### Available data
-.-.-

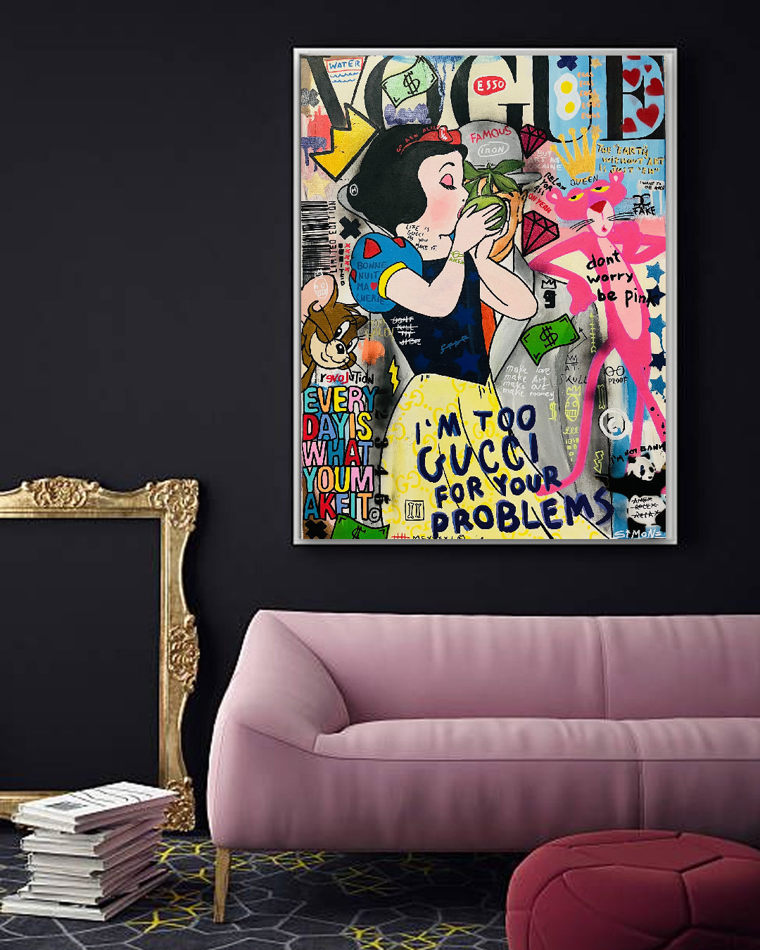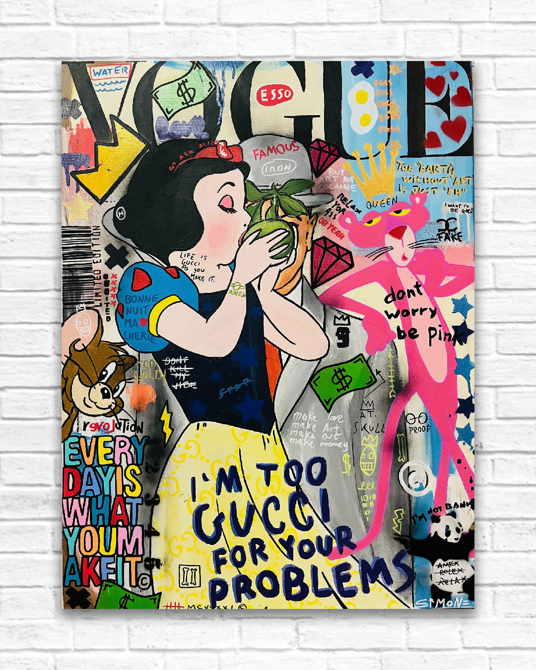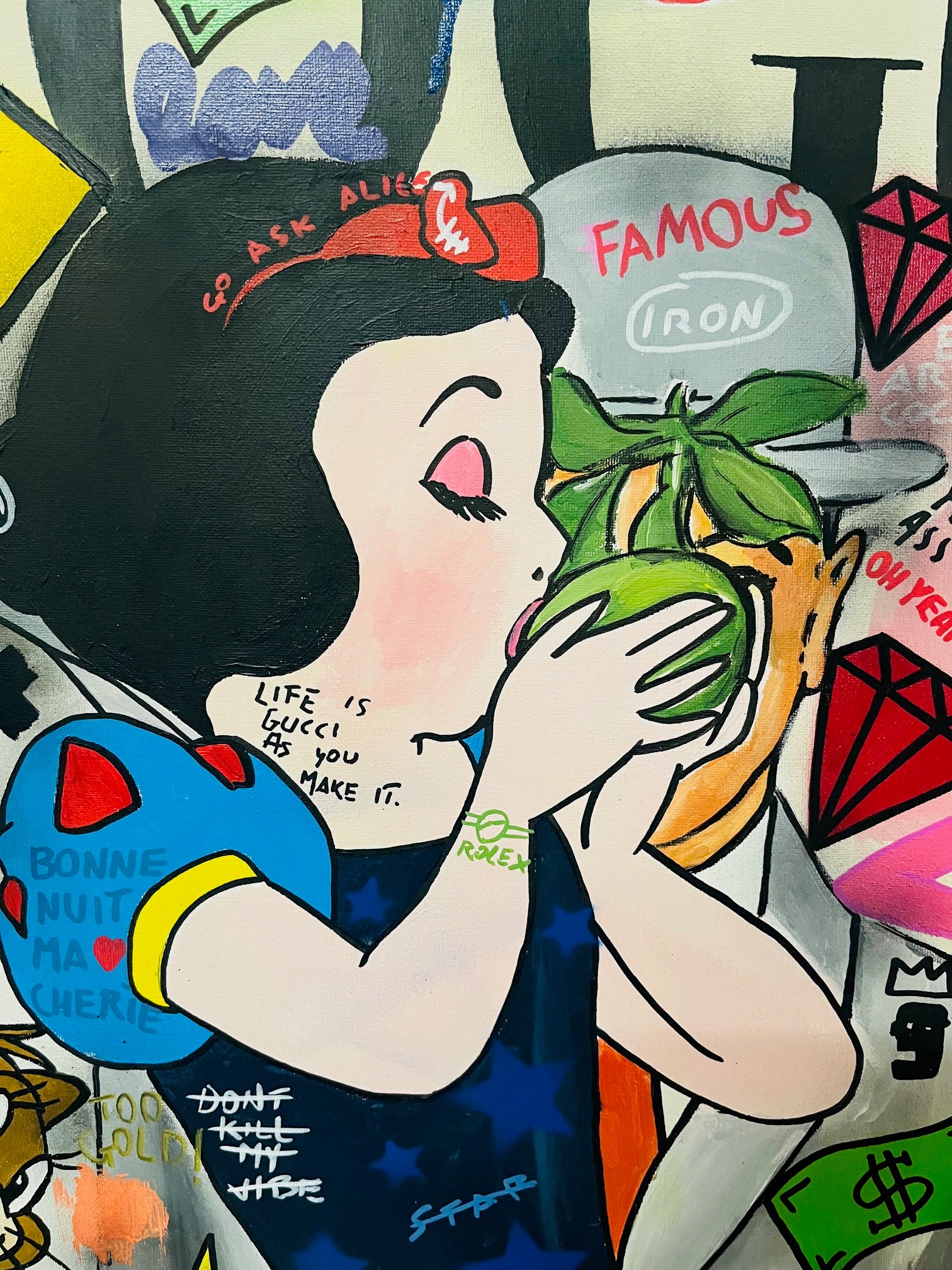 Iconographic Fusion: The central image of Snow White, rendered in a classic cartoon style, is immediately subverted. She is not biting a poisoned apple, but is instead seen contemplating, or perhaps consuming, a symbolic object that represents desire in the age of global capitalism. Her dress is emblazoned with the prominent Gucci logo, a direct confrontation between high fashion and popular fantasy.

-.-.-

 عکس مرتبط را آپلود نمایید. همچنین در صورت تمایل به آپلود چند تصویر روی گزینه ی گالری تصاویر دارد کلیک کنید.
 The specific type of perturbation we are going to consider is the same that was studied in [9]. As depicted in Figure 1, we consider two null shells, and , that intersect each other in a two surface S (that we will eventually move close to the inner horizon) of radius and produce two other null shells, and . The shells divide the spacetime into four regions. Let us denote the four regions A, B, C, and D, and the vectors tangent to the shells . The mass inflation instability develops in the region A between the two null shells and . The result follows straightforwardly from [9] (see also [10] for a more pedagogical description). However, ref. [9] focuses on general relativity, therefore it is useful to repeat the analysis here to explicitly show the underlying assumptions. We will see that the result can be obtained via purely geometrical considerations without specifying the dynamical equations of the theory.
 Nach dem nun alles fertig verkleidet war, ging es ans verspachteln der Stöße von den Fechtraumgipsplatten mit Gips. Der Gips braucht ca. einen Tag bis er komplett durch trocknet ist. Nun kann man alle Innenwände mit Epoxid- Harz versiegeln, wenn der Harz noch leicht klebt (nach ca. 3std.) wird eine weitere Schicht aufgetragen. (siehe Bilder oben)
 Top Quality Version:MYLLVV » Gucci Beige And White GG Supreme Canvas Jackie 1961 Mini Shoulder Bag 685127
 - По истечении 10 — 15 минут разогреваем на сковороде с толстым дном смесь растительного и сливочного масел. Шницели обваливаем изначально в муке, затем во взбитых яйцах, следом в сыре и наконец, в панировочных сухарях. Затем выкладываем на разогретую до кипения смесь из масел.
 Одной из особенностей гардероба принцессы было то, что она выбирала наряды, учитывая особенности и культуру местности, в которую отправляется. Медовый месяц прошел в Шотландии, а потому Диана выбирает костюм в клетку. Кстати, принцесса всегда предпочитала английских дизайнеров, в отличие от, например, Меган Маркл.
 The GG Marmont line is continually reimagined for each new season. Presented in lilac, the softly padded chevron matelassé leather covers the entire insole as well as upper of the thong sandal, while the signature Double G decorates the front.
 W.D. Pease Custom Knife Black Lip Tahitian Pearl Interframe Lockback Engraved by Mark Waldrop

-.-.-

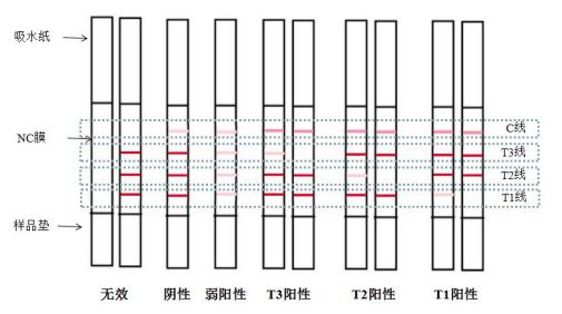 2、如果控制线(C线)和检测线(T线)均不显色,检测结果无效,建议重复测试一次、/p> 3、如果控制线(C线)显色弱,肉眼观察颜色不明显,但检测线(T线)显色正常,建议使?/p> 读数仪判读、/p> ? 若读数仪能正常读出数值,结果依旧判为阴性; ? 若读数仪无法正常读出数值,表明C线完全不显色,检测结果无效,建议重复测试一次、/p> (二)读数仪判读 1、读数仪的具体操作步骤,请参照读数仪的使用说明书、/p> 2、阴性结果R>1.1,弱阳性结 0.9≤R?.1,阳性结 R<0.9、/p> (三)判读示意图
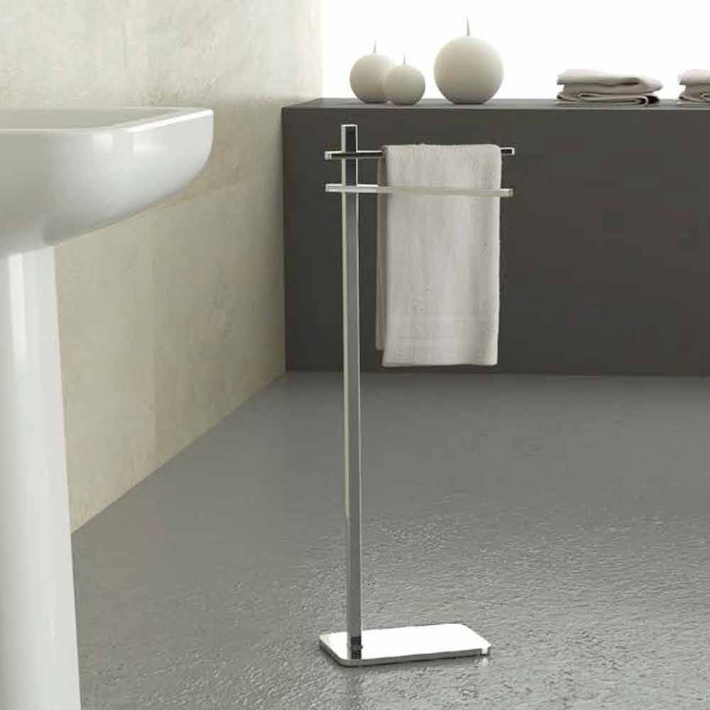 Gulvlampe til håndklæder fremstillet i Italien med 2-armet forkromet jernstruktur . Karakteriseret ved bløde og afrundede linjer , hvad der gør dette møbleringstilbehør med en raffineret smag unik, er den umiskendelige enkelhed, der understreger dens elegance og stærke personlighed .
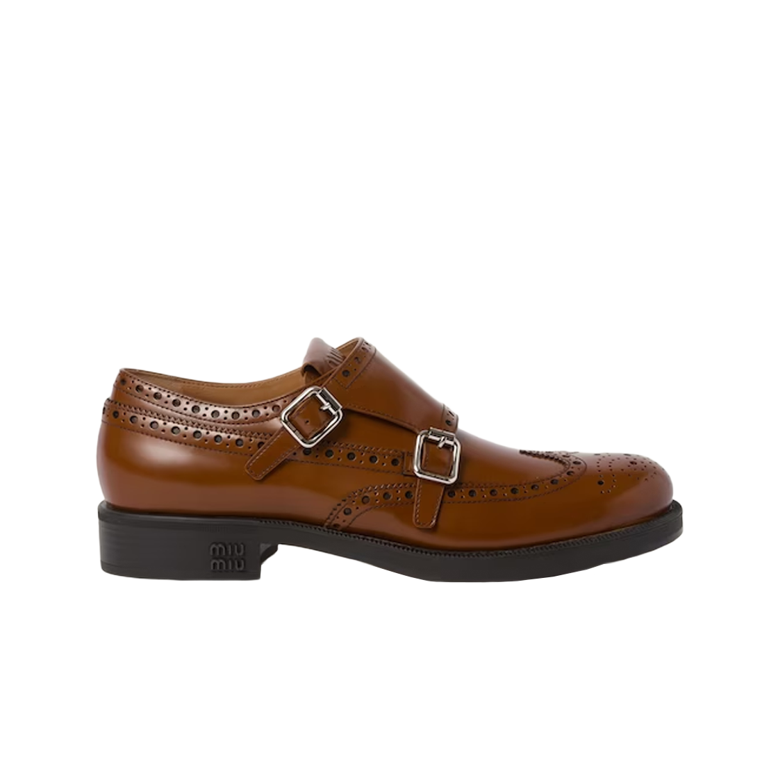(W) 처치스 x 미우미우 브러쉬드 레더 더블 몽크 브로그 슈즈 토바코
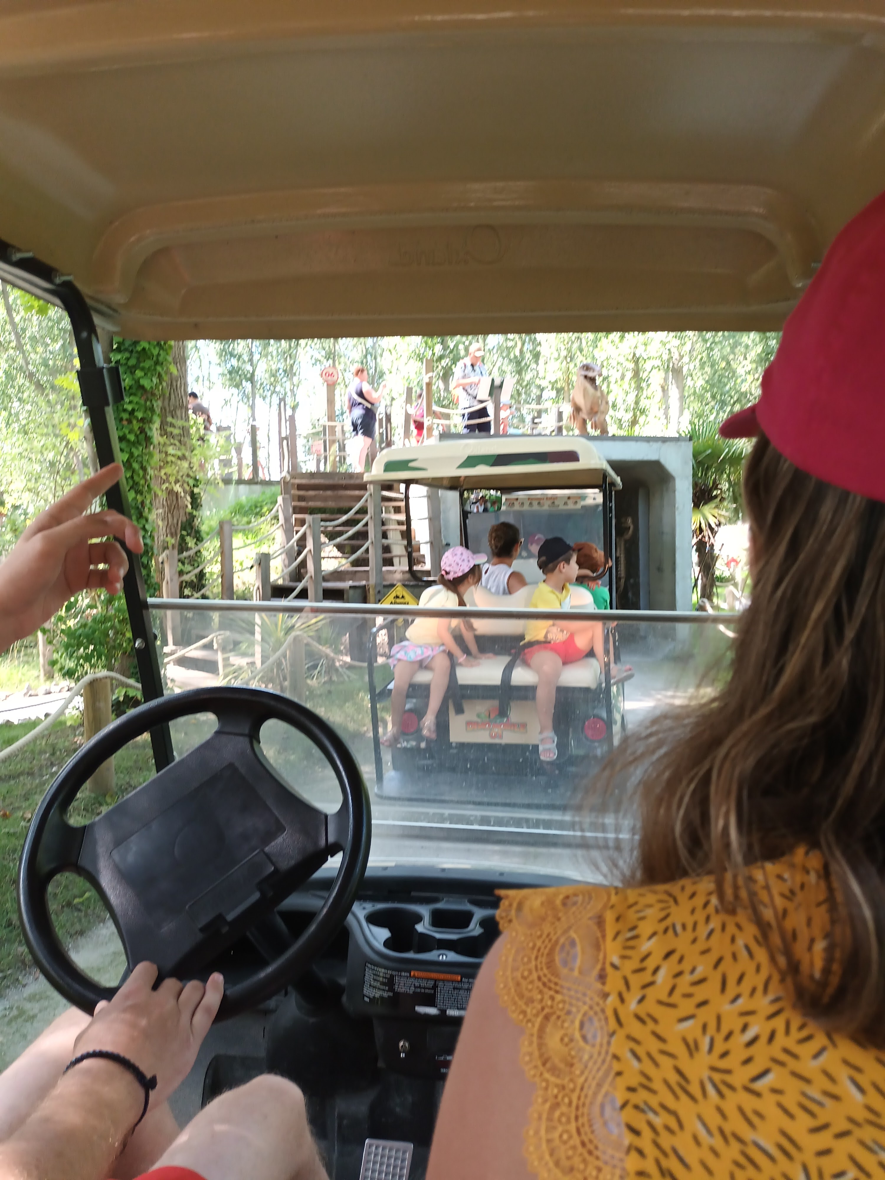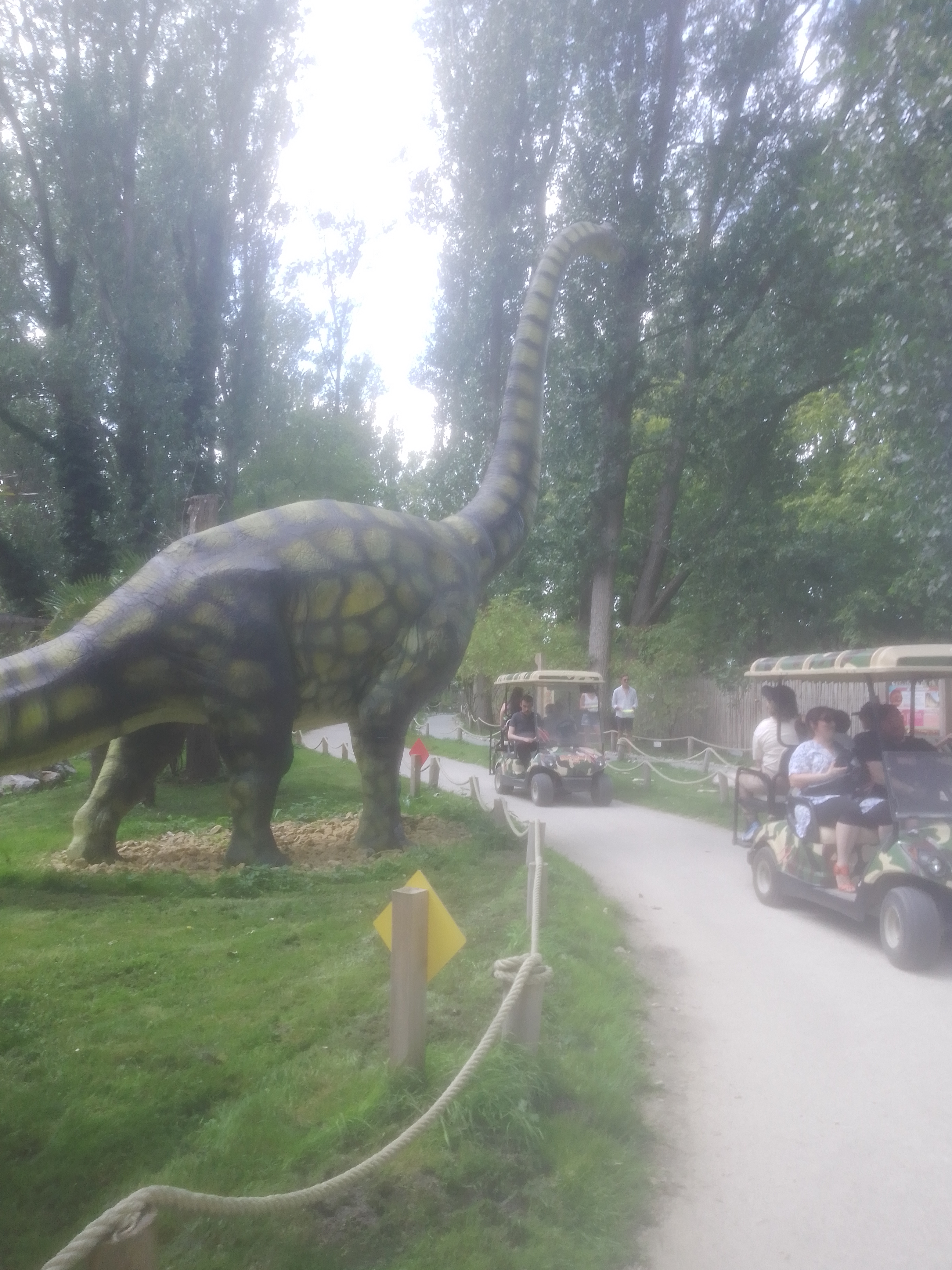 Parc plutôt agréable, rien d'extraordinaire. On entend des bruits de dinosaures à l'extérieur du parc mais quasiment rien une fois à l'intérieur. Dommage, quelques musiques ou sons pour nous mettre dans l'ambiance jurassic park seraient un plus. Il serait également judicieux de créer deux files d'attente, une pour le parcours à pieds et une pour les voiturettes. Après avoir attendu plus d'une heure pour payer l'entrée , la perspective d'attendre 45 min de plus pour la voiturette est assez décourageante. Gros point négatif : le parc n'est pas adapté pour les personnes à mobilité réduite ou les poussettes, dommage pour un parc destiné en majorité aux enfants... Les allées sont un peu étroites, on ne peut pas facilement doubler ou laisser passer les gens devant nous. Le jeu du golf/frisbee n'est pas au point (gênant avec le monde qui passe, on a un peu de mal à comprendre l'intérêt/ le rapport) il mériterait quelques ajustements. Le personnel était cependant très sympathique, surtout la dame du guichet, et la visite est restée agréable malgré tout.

-.-.-

### Your objective
All that belongs in your answer is the stretch of entries above from the line with "The specific type" through the line with "- По истечении", printed exactly.

### Exercise answer
 The specific type of perturbation we are going to consider is the same that was studied in [9]. As depicted in Figure 1, we consider two null shells, and , that intersect each other in a two surface S (that we will eventually move close to the inner horizon) of radius and produce two other null shells, and . The shells divide the spacetime into four regions. Let us denote the four regions A, B, C, and D, and the vectors tangent to the shells . The mass inflation instability develops in the region A between the two null shells and . The result follows straightforwardly from [9] (see also [10] for a more pedagogical description). However, ref. [9] focuses on general relativity, therefore it is useful to repeat the analysis here to explicitly show the underlying assumptions. We will see that the result can be obtained via purely geometrical considerations without specifying the dynamical equations of the theory.
 Nach dem nun alles fertig verkleidet war, ging es ans verspachteln der Stöße von den Fechtraumgipsplatten mit Gips. Der Gips braucht ca. einen Tag bis er komplett durch trocknet ist. Nun kann man alle Innenwände mit Epoxid- Harz versiegeln, wenn der Harz noch leicht klebt (nach ca. 3std.) wird eine weitere Schicht aufgetragen. (siehe Bilder oben)
 Top Quality Version:MYLLVV » Gucci Beige And White GG Supreme Canvas Jackie 1961 Mini Shoulder Bag 685127
 - По истечении 10 — 15 минут разогреваем на сковороде с толстым дном смесь растительного и сливочного масел. Шницели обваливаем изначально в муке, затем во взбитых яйцах, следом в сыре и наконец, в панировочных сухарях. Затем выкладываем на разогретую до кипения смесь из масел.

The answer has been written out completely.